::: Material shown
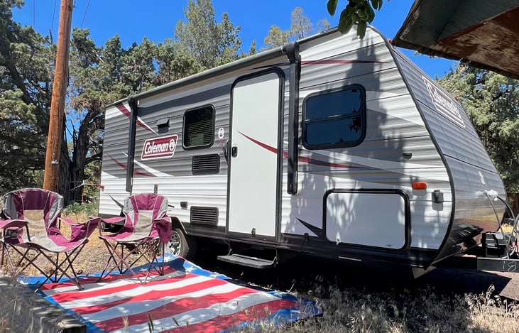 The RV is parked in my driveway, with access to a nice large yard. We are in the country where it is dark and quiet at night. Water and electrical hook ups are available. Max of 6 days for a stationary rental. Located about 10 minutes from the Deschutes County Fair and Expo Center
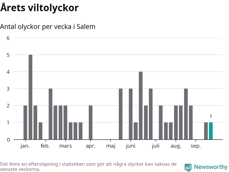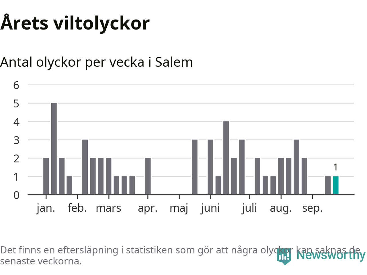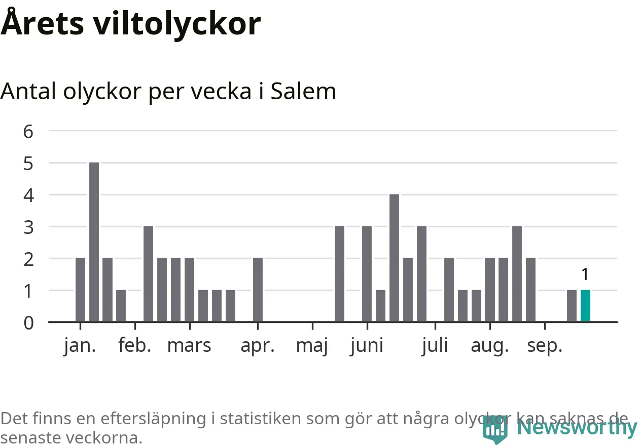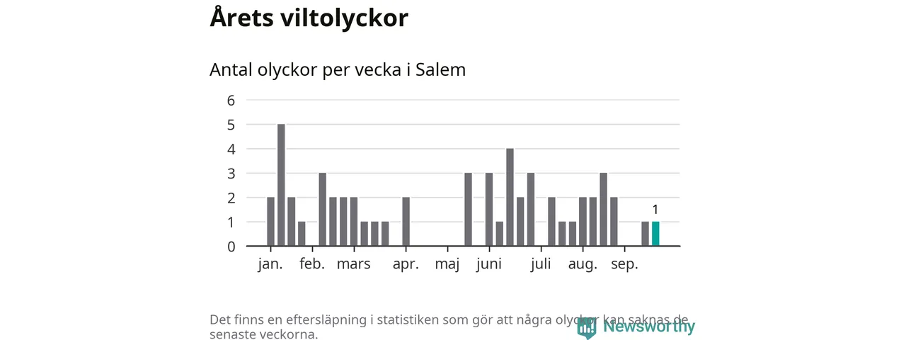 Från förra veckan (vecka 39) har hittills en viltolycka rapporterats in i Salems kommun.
::::::
::: Material shown
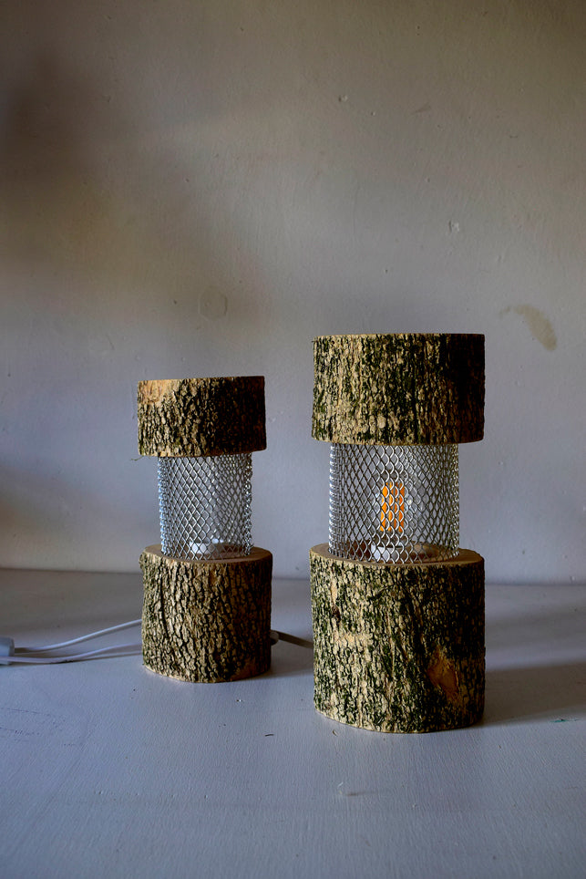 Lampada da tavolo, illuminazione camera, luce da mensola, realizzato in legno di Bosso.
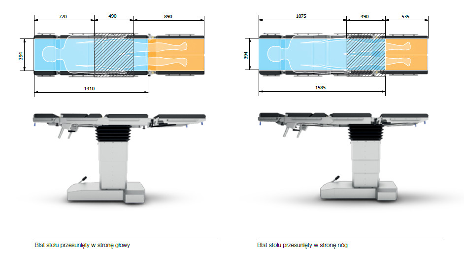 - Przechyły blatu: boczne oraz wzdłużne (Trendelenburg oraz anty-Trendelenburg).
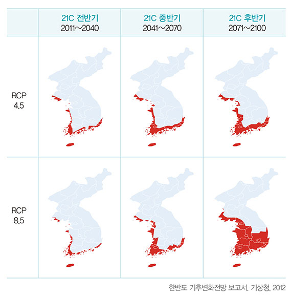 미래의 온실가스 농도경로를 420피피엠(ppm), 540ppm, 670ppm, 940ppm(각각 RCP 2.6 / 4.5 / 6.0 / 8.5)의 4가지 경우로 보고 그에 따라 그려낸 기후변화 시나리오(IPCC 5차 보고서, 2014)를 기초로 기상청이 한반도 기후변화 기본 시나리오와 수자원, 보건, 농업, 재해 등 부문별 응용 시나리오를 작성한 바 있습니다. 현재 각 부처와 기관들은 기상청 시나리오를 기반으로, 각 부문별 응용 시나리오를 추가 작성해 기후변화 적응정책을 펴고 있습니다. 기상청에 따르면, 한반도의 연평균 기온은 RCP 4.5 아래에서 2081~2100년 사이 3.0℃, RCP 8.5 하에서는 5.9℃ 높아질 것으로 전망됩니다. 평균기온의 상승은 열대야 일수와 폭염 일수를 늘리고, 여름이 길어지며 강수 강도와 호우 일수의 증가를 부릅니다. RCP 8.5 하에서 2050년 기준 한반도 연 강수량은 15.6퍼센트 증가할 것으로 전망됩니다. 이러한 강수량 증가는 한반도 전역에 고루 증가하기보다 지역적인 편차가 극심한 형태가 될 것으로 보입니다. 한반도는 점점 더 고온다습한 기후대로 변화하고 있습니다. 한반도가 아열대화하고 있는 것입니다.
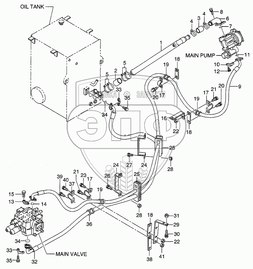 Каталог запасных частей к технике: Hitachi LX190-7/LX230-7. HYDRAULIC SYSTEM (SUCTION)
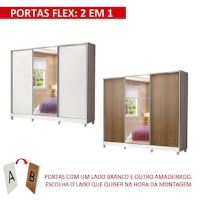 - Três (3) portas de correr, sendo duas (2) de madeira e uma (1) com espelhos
::::::
#### The problem
Every line from the one with "- Przechyły blatu: boczne" through the one with "- Três (3) portas" is to be reproduced exactly as written above, and the pictures are to be dropped.

#### Response for this exercise
 - Przechyły blatu: boczne oraz wzdłużne (Trendelenburg oraz anty-Trendelenburg).
 미래의 온실가스 농도경로를 420피피엠(ppm), 540ppm, 670ppm, 940ppm(각각 RCP 2.6 / 4.5 / 6.0 / 8.5)의 4가지 경우로 보고 그에 따라 그려낸 기후변화 시나리오(IPCC 5차 보고서, 2014)를 기초로 기상청이 한반도 기후변화 기본 시나리오와 수자원, 보건, 농업, 재해 등 부문별 응용 시나리오를 작성한 바 있습니다. 현재 각 부처와 기관들은 기상청 시나리오를 기반으로, 각 부문별 응용 시나리오를 추가 작성해 기후변화 적응정책을 펴고 있습니다. 기상청에 따르면, 한반도의 연평균 기온은 RCP 4.5 아래에서 2081~2100년 사이 3.0℃, RCP 8.5 하에서는 5.9℃ 높아질 것으로 전망됩니다. 평균기온의 상승은 열대야 일수와 폭염 일수를 늘리고, 여름이 길어지며 강수 강도와 호우 일수의 증가를 부릅니다. RCP 8.5 하에서 2050년 기준 한반도 연 강수량은 15.6퍼센트 증가할 것으로 전망됩니다. 이러한 강수량 증가는 한반도 전역에 고루 증가하기보다 지역적인 편차가 극심한 형태가 될 것으로 보입니다. 한반도는 점점 더 고온다습한 기후대로 변화하고 있습니다. 한반도가 아열대화하고 있는 것입니다.
 Каталог запасных частей к технике: Hitachi LX190-7/LX230-7. HYDRAULIC SYSTEM (SUCTION)
 - Três (3) portas de correr, sendo duas (2) de madeira e uma (1) com espelhos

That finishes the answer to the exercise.